Lui injecter un produit inconnu dans le corps au risque de le tuer.
Ne rien faire et le laisser mourir mais, cette option, j'aurais du la choisir là bas. Pas une fois l'homme allongé sur mon lit.
Je me munis donc d'une seringue et injectais le produit blanc. En quelques secondes l'homme fut apaisé, son corps ne réagissait plus à la douleur. Je procédais maintenant à la suite des opérations et lui ôtais la balle de son épaule avec toutes la prudence possible. Celle-ci était logée tout prêt du plexus brachial, le moindre faux mouvement et il serait partiellement paralysé. Je stoppais au mieux l’hémorragie avec tout le linge possible avant de recoudre la plaie. Les mains pleines de sang, je regardais le temps s'écouler sur le réveil posé sur la table de chevet. L'homme se réveilla le lendemain, il me remercia plus d'une fois avant de quitter la chambre par la porte arrière de l'hôtel. Je ne savais pas qui il était, ni pourquoi il s'était fait tirer dessus. Et je préférais cela. J'avais juste sauvé un homme, accomplie une bonne action à mes yeux et goutter à cette douce sensation : l'adrénaline.

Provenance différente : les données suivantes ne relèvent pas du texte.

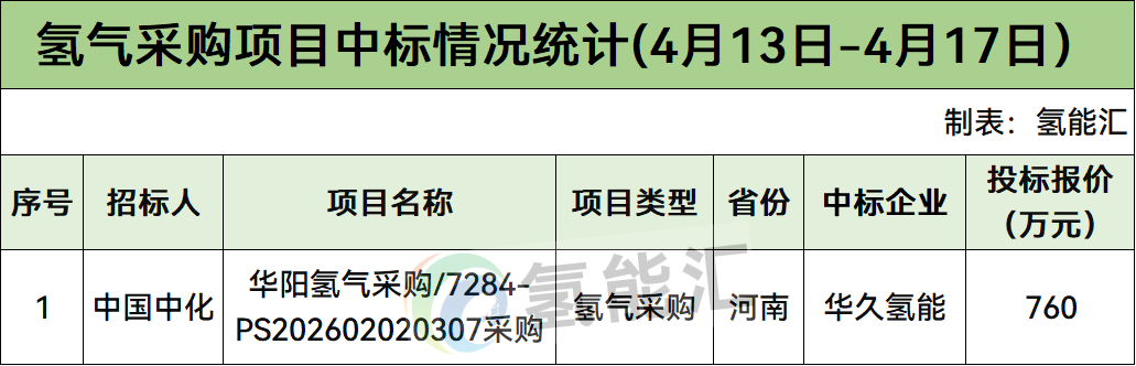 氢气采购项目有1个,招标人为中国中化,中标企业为华久氢能。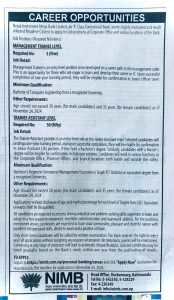 साथै, ट्रेनी एसीस्टेन्टको लागि पनि कमर्स, म्यानेजमेन्ट, इकोनोमिक्स, लिगल, आइटी लगायतका विषयमा स्नातक तह उत्तिर्ण गरेको हुनुपर्ने छ ।

Loin d'imaginer que cette soirée allait me poursuivre longtemps, plusieurs soirs par semaine, je voyais des hommes et des femmes blessés par la rue se pointer devant ma porte à des heures improbables. Plusieurs soirs par semaine, je me rendais à ce coin de rue rejoindre cet homme, devenu mon fournisseur de calmant. J'avais appris qu'il s'agissait d'une nouvelle drogue aux effets puissants, un liquide qui paralysait le corps et endormait la douleur mais, qui laissait planer l'esprit. Ce n'était pas un calmant, ce n'était pas conseillé mais, c'était efficace. Inconsciemment mon visage de petite fille vulnérable avait changé, j'étais tout autant vulnérable mais, je venais de monter un pseudo centre de soin illégal dans lequel je dealais de la drogue en piqure...

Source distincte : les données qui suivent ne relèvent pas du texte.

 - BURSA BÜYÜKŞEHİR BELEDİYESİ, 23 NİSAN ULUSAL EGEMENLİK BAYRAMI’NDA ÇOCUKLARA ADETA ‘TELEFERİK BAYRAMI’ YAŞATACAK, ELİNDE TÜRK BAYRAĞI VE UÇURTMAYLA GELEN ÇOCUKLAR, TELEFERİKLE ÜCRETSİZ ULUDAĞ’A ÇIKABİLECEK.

Lorsque la lumière du jour pointait son nez, ma deuxième facette reprenait sa place. Aélia, chercheuse dans un gros laboratoire. La jeune fille brillante pour son jeune âge, seule face à ses recherches.
III . Bad life
Conclusion ? Je ne savais ni me battre ni me servir d'une arme, je vivais seule dans un quartier chaud et je devenais la femme à abattre pour tout un tas de raisons.
Au début de cette histoire, je croyais au destin heureux et aux comptes pour les enfants. A présent, je devais continuer ma vie tel un fantôme, loin des « ils vécurent heureux et eurent beaucoup d'enfants ». Je devais me faire discrète et prier pour que mes agissements restent bons et charitables. Une ordure de plus dans cette ville n'était pas nécessaire.